Would you transcribe the lines running from the one that holds "A I World War" to the last line of the records? Leave every picture out.

(Records from a data source)
=== Begin Enclosure ===

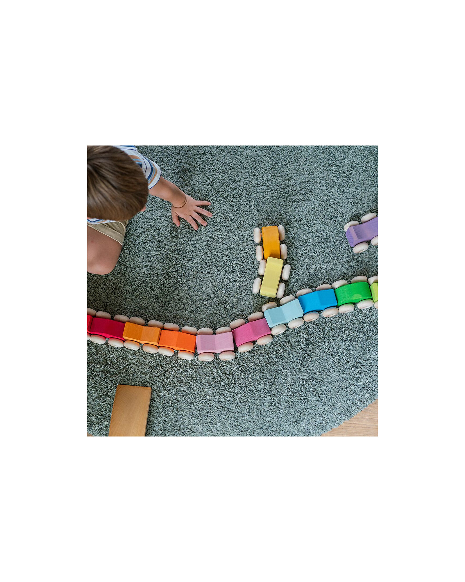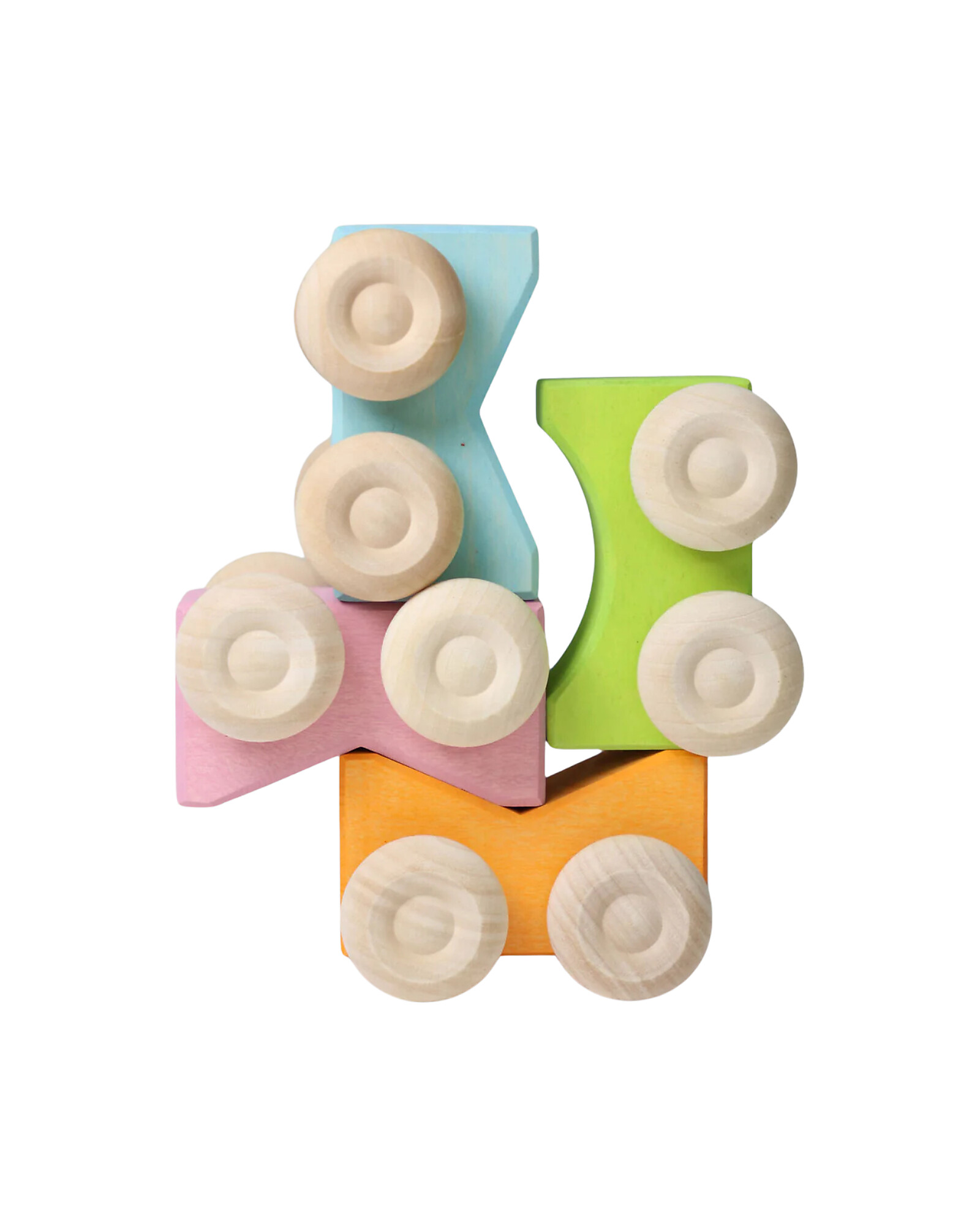Our Stacking Cars are much more than simple toys: they are an invitation to experience adventure with imagination. Each car can stack with the others, creating spectacular moving towers, or speed along on any surface thanks to its smooth wheels. Children can also build on top, turning them into unique, personalized vehicles. The vivid colors and varied shapes naturally teach color harmony and the concept of matching shapes. Made of color-glazed lime wood with maple-wood wheels, they offer a warm, authentic feel to the touch. A simple toy, yet full of magic and creative potential.
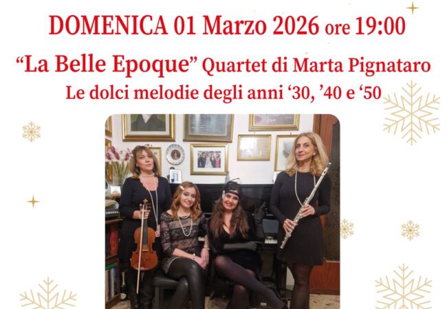 Domani domenica 1° marzo alle ore 19.00 presso l’Aula Consiliare del Comune di Cava de’ Tirreni si terrà il concerto “La Belle Epoque” Quartet di Marta Pignataro che suonerà le dolci melodie degli anni ’30- ’40- ’50 con musiche di Édith Piaf, Alessandro Sopranzi, Giovanni D’Anzi, Andrea Bixio, Consuelo Velázquez.
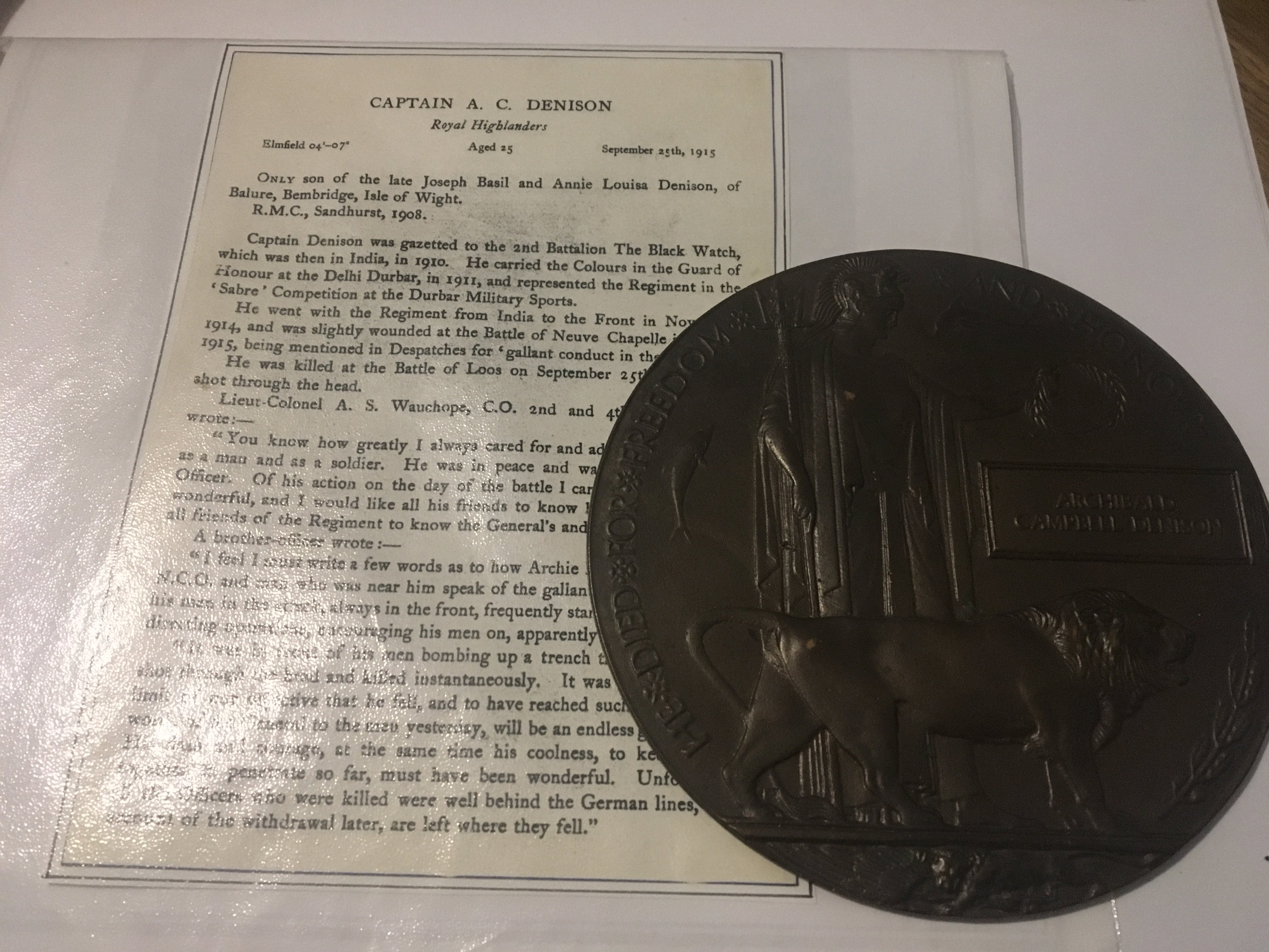 A I World War Memorial plaque Death Penny awarded to Captain A C Denison 2nd Battalion The Black Watch mentioned in dispatches for Gallant conducted in the field Killed at the Battle of Loos 25th September 1915. With detailed paperwork.
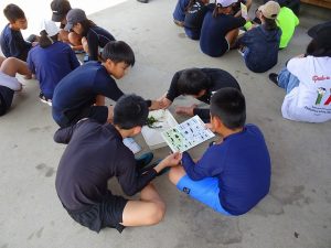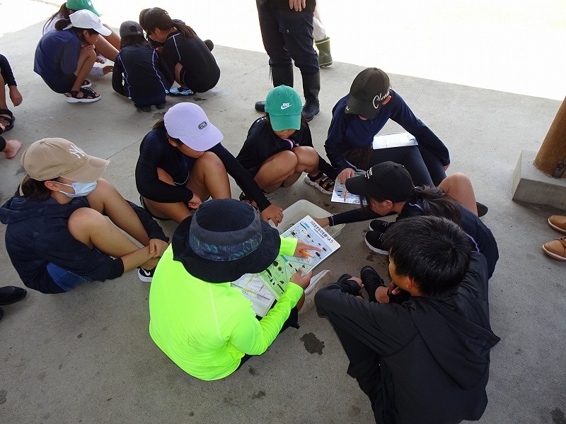 生き物が集まったら、図鑑で生き物の名前を調べました。
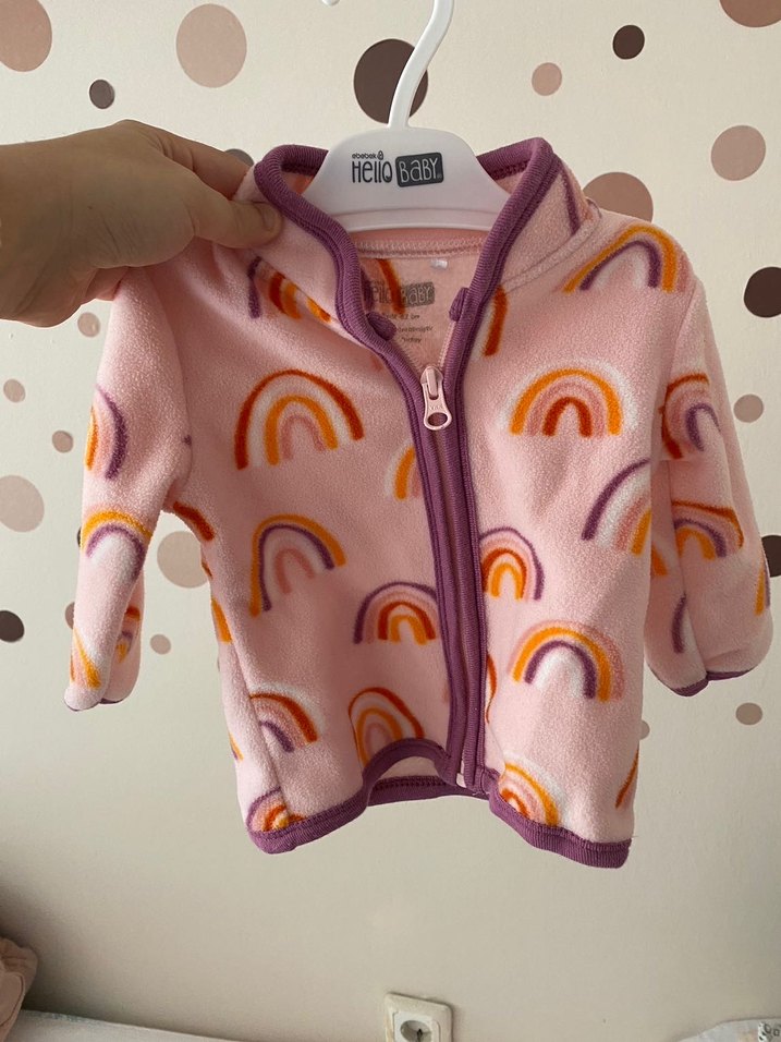 Kız Çocuk Pembe Gökkuşağı Desenli peluş Ceket

=== End Enclosure ===

EXPECTED ANSWER
 A I World War Memorial plaque Death Penny awarded to Captain A C Denison 2nd Battalion The Black Watch mentioned in dispatches for Gallant conducted in the field Killed at the Battle of Loos 25th September 1915. With detailed paperwork.
 生き物が集まったら、図鑑で生き物の名前を調べました。
 Kız Çocuk Pembe Gökkuşağı Desenli peluş Ceket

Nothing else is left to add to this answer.